23 January 2017

Book Titles

In our continuing series of posts about where titles of books and other works originated, we add these book titles.

The novel about colonialism in Africa,Things Fall Apart by Chinua Achebe, takes its title from a W.B. Yeats’s poem, “The Second Coming.” to name his story about colonialism, pride, and loss:

“Turning and turning in the widening gyre
The falcon cannot hear the falconer;
Things fall apart; the centre cannot hold;
Mere anarchy is loosed upon the world...”

Flannery O’Connor's short story collection, Everything That Rises Must Converge  borrows from the book Omega Point by the French philosopher Pierre Teilhard de Chardin.

“Remain true to yourself, but move ever upward toward greater consciousness and greater love! At the summit you will find yourselves united with all those who, from every direction, have made the same ascent. For everything that rises must converge.


Evelyn Waugh turned to T.S. Eliot’s poem “The Wasteland” for his book A Handful of Dust.

“I will show you something different from either
Your shadow at morning striding behind you
Or your shadow at evening rising to meet you;
I will show you fear in a handful of dust.”

John Steinbeck often turned to the Bible for titles. His Pulitzer-Prize-winning novel The Grapes of Wrath  sounds like it might be Biblical. After several other working titles, his wife suggested a phrase from the song “The Battle Hymn of the Republic,” by Julia Ward Howe.

“Mine eyes have seen the glory of the coming of the Lord:
He is trampling out the vintage where the grapes of wrath are stored;
He hath loosed the fateful lightning of His terrible swift sword:
His truth is marching on.”


16 January 2017

Evian



This post is about what is NOT the origin of a name.

Evian water (French pronunciation ​evjɑ̃) is a brand of mineral water. Many people have noticed that the name is naive spelled backwards. The idea that comes along with that reversal is that this fancy bottled water and that the joke is on those naive consumers willing to pay a premium price for water.

But that is not true.

Evian is owned by Danone, a French multinational corporation that sells the mineral water and also a line of organic skin care products and a luxury resort in France under that name.

The origin goes back to 1789 when the Marquis of Lessert drank some water from the Sainte Catherine spring on the land of a M. Cachat. The marquis had been suffering from kidney and liver problems, but claimed that the water cured his ailments.

Still sold in glass bottles too

In 1859, it became a business, and in 1878 the French Ministry of Health actually authorized the bottling of "Cachat water" because of a recommendation by the Medicine Academy.

The water sold as Evian comes from several sources near Évian-les-Bains, on the south shore of Lake Geneva and was first sold in glass bottles in 1878.

In 1969, it started to be sold in plastic (PVC) bottles and it was introduced in 1978 to the U.S. market. In 1995, Evian switched to collapsible PET bottles, though it is still available in glass bottles too.

09 January 2017

gist

GIST is an odd little word that I have heard used my entire life and never known the origin. People say "What was the gist of it?" meaning what was the essence or essential part of a matter In law, it has a more specific meaning, the real point of an action, as in "damages are the gist of the lawsuit."
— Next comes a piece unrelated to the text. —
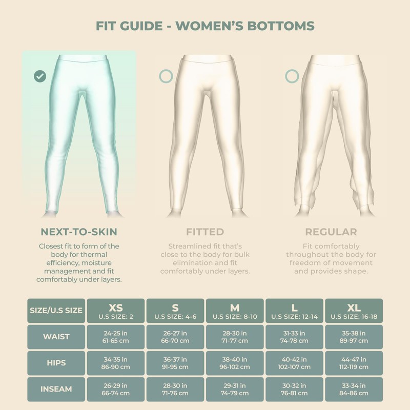• BREATHABLE: Keeping you cool in summer and warm in winter, MERIWOOL’s 250g/m2 weight inter-lock knit Merino wool can be used as a base layer or mid-layer, but won’t weigh you down. EASY CARE: Your women’s base layer legging pants are machine-washable on cold setting and safe to tumble dry on low heat with like colors, so they're ready when you are for your next adventure.
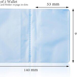 Plastic Wallet Insert Credit Card Holder Transparent 10 page 20 slots, 2 Pack

The word appeared in the early 18th century and comes from Old French, gesir  "to lie" and earlier from Latin jacere.  The legal connection seems important as there was (is?) an old legal phrase cest action gist  that was used in France and England meaning "this action lies." That phrase denoted that there were sufficient grounds to proceed. "Lie" here means more like the way we use it today when we say "The difficulty lies in getting sufficient funds."

I came to all of this when I was writing about memory. There is a kind of false memory that is sometimes called "gist memory." Gist traces are fuzzy representations of a past event when we have the general idea but not the specifics of the event clear. Verbatim traces are detailed representations of a past event. It seems that although people are capable of processing both verbatim and gist information, they oddly prefer to reason with gist traces rather than verbatim.

The older I get, the more I seem to be relying on gist memories  if I remember something at all!